What is the advantage of using `binary_cross_entropy_with_logits`

(aka BCE with sigmoid) over the regular `binary_cross_entropy`

? I have a multi-binary classification problem and I’m trying to decide which one to choose.

As you described the only difference is the included sigmoid activation in `nn.BCEWithLogitsLoss`

.

It’s comparable to `nn.CrossEntropyLoss`

and `nn.NLLLoss`

. While the former uses a `nn.LogSoftmax`

activation function internally, you would have to add it in the latter criterion.

I understand the differences in the implementation, I don’t understand the theoretical advantages of using BCE with sigmoid vs without sigmoid.
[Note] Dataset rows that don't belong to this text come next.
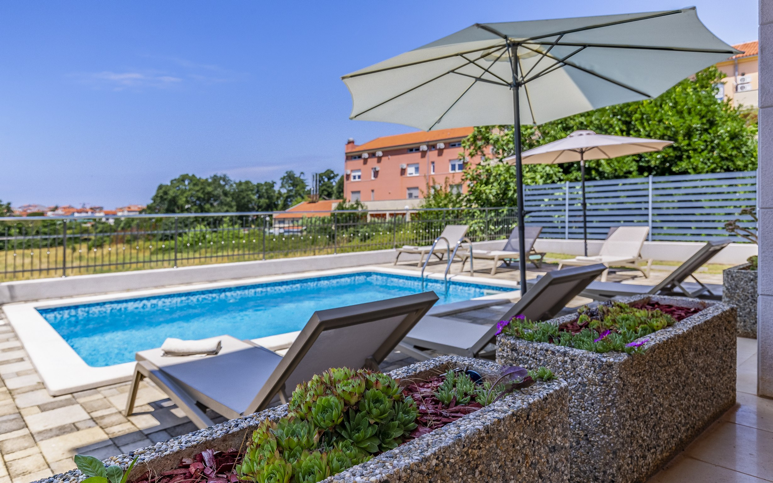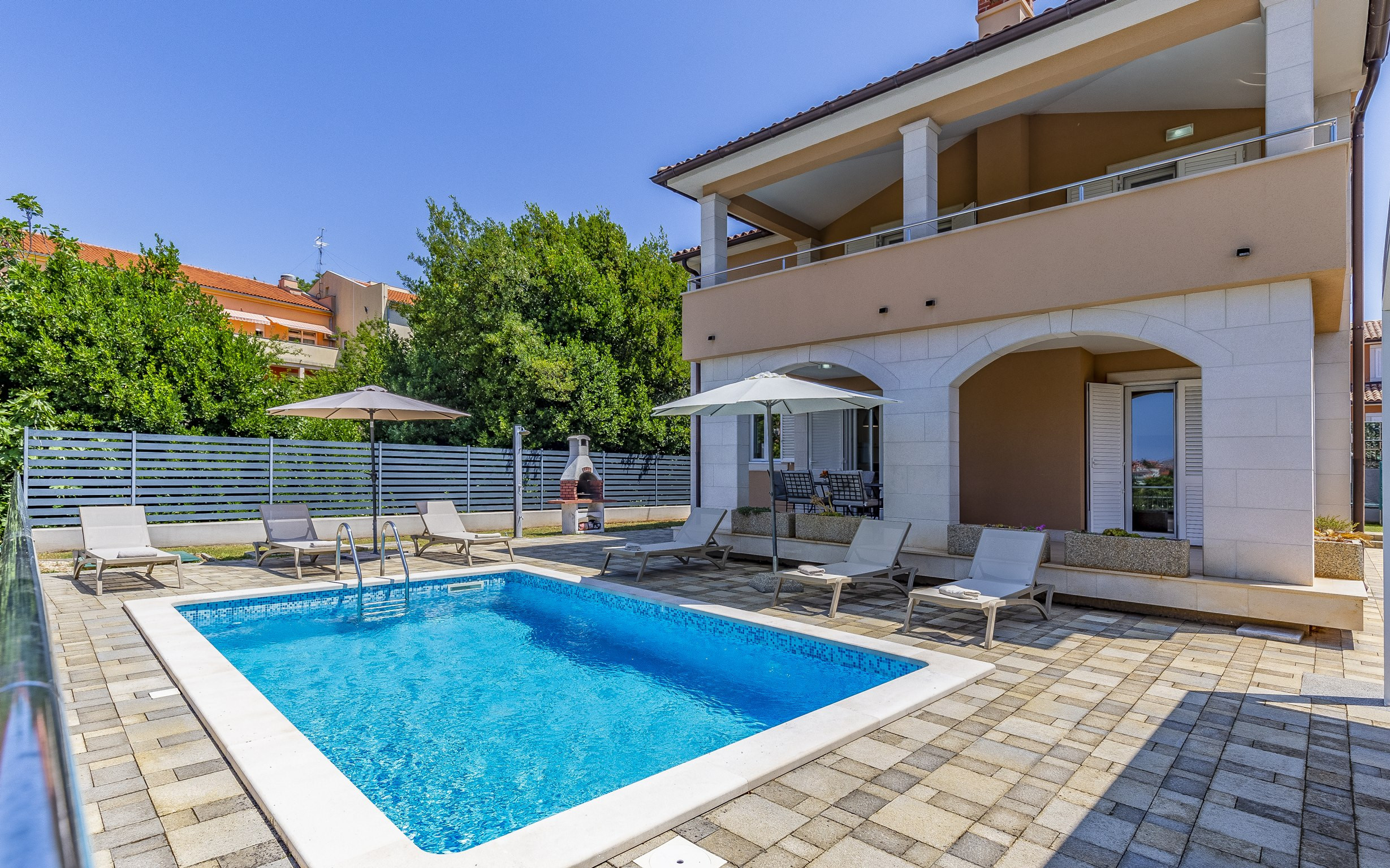 Innerhalb eines exklusiven Anwesens in Pula befindet sich diese elegante Villa mit vier Schlafzimmern, die großzügigen Platz für bis zu 10 Gäste (8 Erwachsene und 2 Kinder) bietet und somit die perfekte Wahl für Großfamilien oder Freundesgruppen ist, die Wert auf Privatsphäre, Komfort und eine entspannte mediterrane Atmosphäre legen.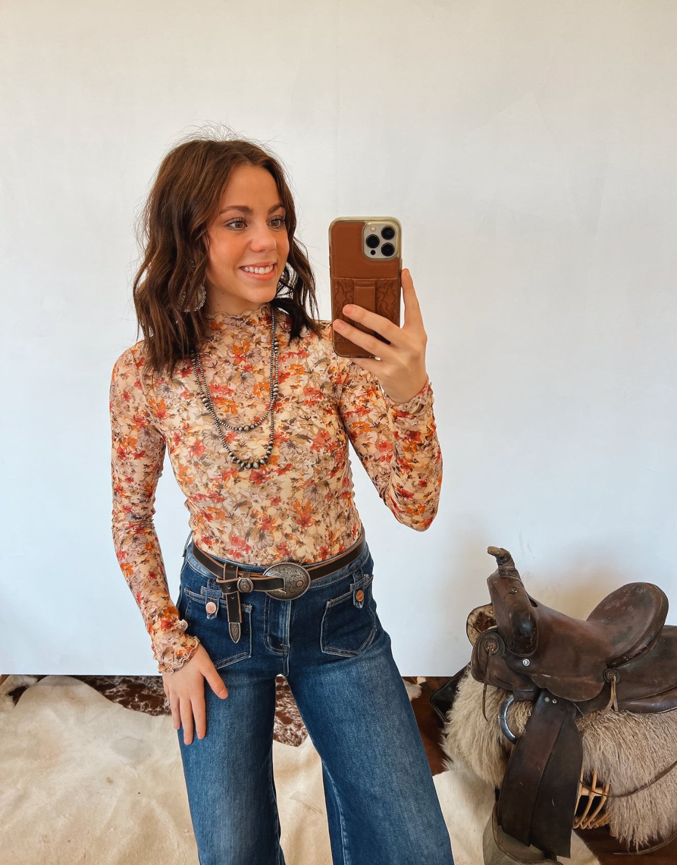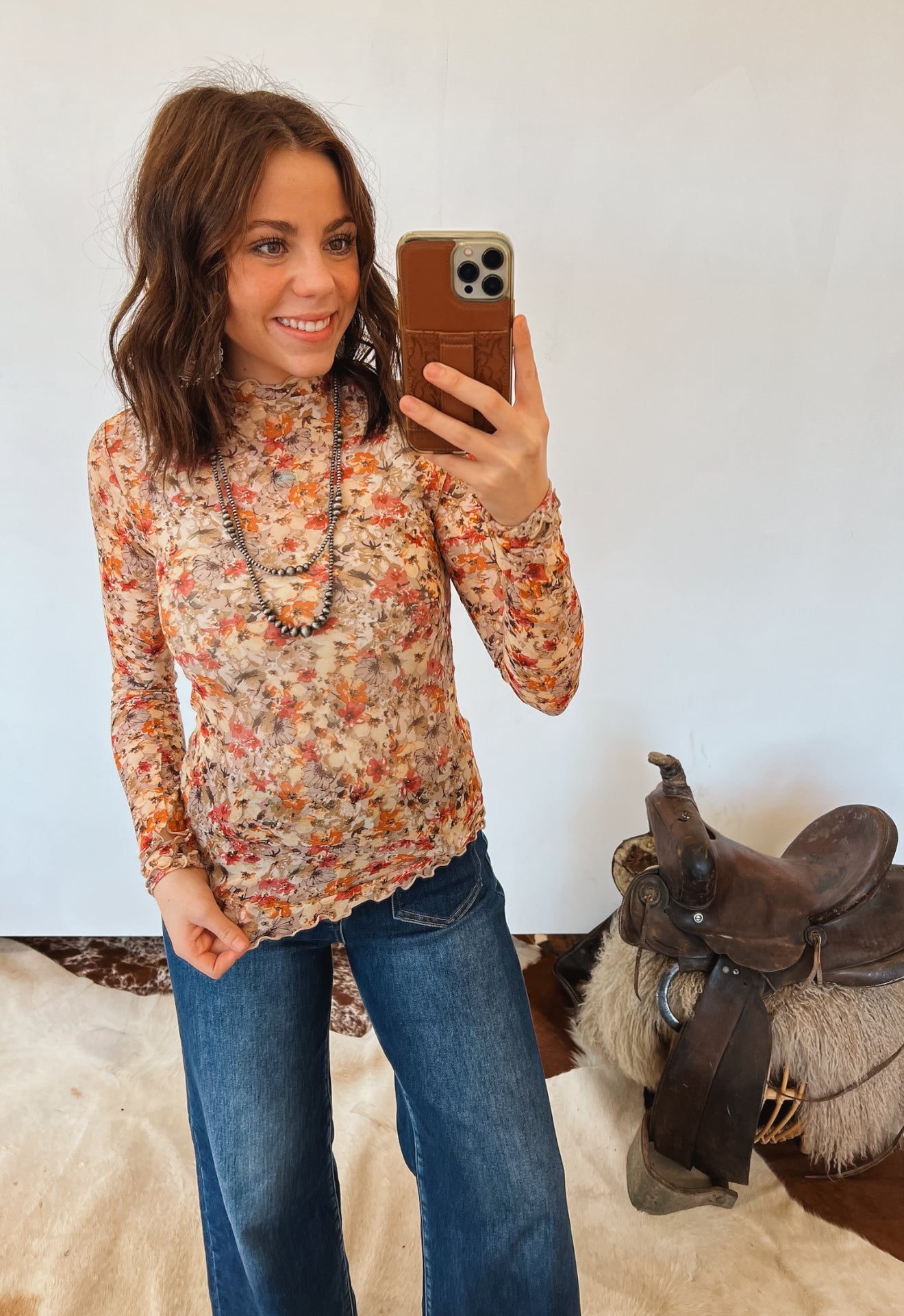 A feminine and flattering floral mesh top that’s perfect for layering or wearing on its own. Designed with a sleek mock neckline and soft stretch fabric, this piece adds effortless charm to any western or everyday look.
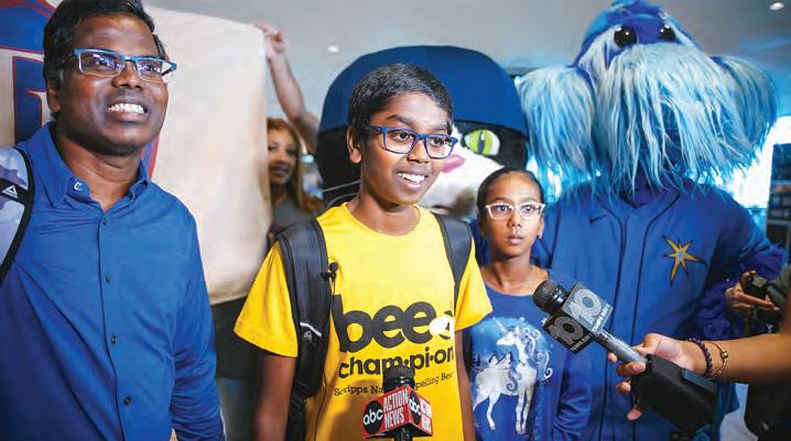 Scripps Spelling Bee champ Bruhat Soma is greeted by a hero’s welcome upon his return.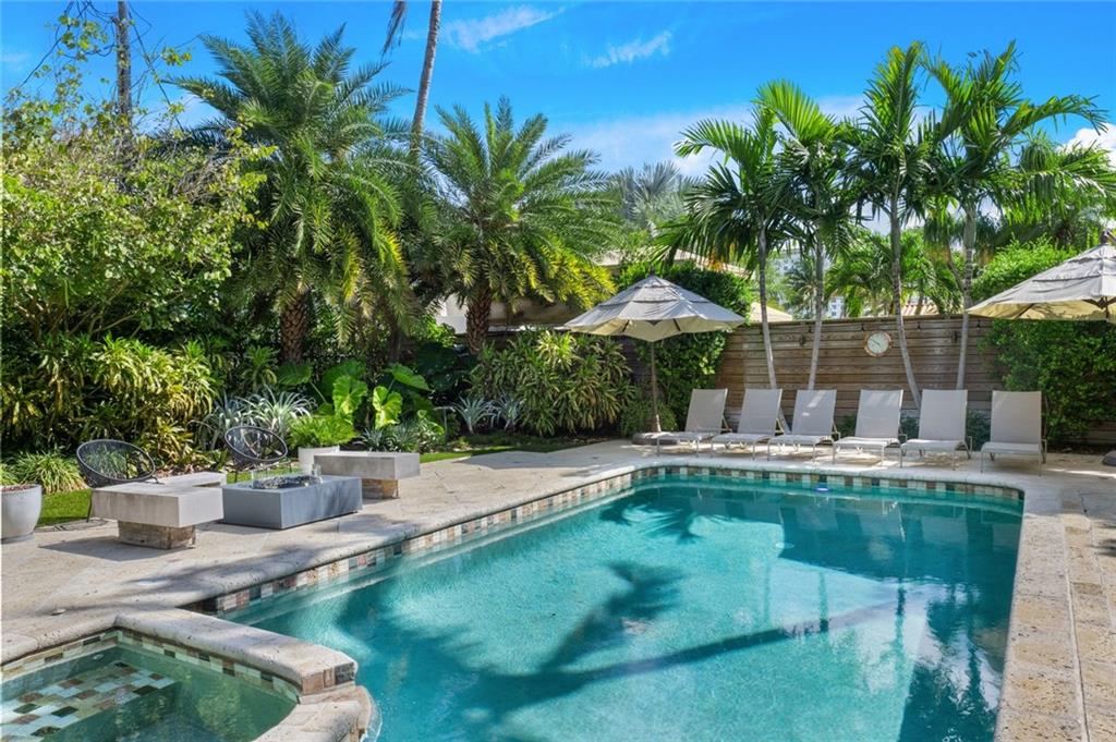 Located off Las Olas in the upscale neighborhood of Idlewyld. Renovated in 2018, this Santa Barbara-inspired residence is perfect for both family living or a second home retreat. The lush oversized lot provides spacious outdoor areas for a resort-style day by the pool/spa or entertaining friends. Modern interiors transition seamlessly throughout the living spaces. The Chef's kitchen boasts high-end appliances, quartz counters, and a custom built island. A Butler's pantry caters to private dining. Three bedrooms, laundry, and mudroom complete the first floor. Primary suite, gym, and additional bedroom on the second floor. Gated entry, 45kw full home generator, Sonos inside and out, impact windows/doors, and 2-car garage. Just blocks from the Ocean, ICW, and shopping and dining.

Sorry for not being not clear enough.

The sigmoid activation should be applied in both cases.

While `nn.BCEWithLogitsLoss`

will apply it internally for you, you should add it manually if you are using `nn.BCELoss`

.

@ptrblck Isn’t it the other way around? I thought `BCELoss`

needs to receive the outputs of `Sigmoid`

activation as its input, but the other-one `BCEWithLogitsLoss`

will need the logits as inputs instead of outputs of `Sigmoid`

, since it will apply sigmoid internally.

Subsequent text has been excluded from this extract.